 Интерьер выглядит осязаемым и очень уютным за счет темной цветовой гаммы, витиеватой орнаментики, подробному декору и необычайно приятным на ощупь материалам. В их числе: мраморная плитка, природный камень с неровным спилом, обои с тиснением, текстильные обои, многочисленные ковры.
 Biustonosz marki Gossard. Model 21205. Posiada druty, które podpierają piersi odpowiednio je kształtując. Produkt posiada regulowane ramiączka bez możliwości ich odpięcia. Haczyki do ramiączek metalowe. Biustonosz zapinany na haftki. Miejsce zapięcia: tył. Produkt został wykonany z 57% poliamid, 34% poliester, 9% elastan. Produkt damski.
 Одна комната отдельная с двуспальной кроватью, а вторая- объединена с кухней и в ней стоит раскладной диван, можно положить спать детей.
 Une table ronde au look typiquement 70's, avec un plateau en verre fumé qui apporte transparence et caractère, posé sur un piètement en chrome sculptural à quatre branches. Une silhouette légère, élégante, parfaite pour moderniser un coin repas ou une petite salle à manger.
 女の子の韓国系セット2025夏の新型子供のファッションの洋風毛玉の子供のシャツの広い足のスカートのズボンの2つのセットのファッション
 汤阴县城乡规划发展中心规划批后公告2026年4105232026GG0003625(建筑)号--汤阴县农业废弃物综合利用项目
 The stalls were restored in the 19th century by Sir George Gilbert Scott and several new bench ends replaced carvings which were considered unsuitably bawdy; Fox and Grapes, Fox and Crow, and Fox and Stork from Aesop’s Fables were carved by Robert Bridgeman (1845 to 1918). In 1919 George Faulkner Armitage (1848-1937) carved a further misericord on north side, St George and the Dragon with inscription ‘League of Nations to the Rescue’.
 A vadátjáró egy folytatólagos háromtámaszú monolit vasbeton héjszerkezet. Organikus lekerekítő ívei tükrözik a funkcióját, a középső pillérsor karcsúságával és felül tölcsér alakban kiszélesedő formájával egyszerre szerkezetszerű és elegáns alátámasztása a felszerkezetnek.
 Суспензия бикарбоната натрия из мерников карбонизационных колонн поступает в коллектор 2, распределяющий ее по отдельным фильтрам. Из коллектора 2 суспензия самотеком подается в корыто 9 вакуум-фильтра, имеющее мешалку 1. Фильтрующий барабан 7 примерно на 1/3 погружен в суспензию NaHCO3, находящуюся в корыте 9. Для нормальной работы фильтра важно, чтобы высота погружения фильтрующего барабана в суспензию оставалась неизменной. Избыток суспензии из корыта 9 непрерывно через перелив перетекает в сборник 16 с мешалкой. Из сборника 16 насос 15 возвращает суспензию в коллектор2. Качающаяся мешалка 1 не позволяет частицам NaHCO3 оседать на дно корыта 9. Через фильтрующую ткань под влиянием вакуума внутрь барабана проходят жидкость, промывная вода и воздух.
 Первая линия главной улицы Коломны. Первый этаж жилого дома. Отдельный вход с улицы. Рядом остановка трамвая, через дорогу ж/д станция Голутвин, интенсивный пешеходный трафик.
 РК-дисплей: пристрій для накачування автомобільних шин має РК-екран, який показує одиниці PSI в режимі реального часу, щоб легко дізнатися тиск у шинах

◆ **EXERCISE DETAILS**
Which lines of the data contain "через"? Copy them all.

◆ **OUTPUT**
 Суспензия бикарбоната натрия из мерников карбонизационных колонн поступает в коллектор 2, распределяющий ее по отдельным фильтрам. Из коллектора 2 суспензия самотеком подается в корыто 9 вакуум-фильтра, имеющее мешалку 1. Фильтрующий барабан 7 примерно на 1/3 погружен в суспензию NaHCO3, находящуюся в корыте 9. Для нормальной работы фильтра важно, чтобы высота погружения фильтрующего барабана в суспензию оставалась неизменной. Избыток суспензии из корыта 9 непрерывно через перелив перетекает в сборник 16 с мешалкой. Из сборника 16 насос 15 возвращает суспензию в коллектор2. Качающаяся мешалка 1 не позволяет частицам NaHCO3 оседать на дно корыта 9. Через фильтрующую ткань под влиянием вакуума внутрь барабана проходят жидкость, промывная вода и воздух.
 Первая линия главной улицы Коломны. Первый этаж жилого дома. Отдельный вход с улицы. Рядом остановка трамвая, через дорогу ж/д станция Голутвин, интенсивный пешеходный трафик.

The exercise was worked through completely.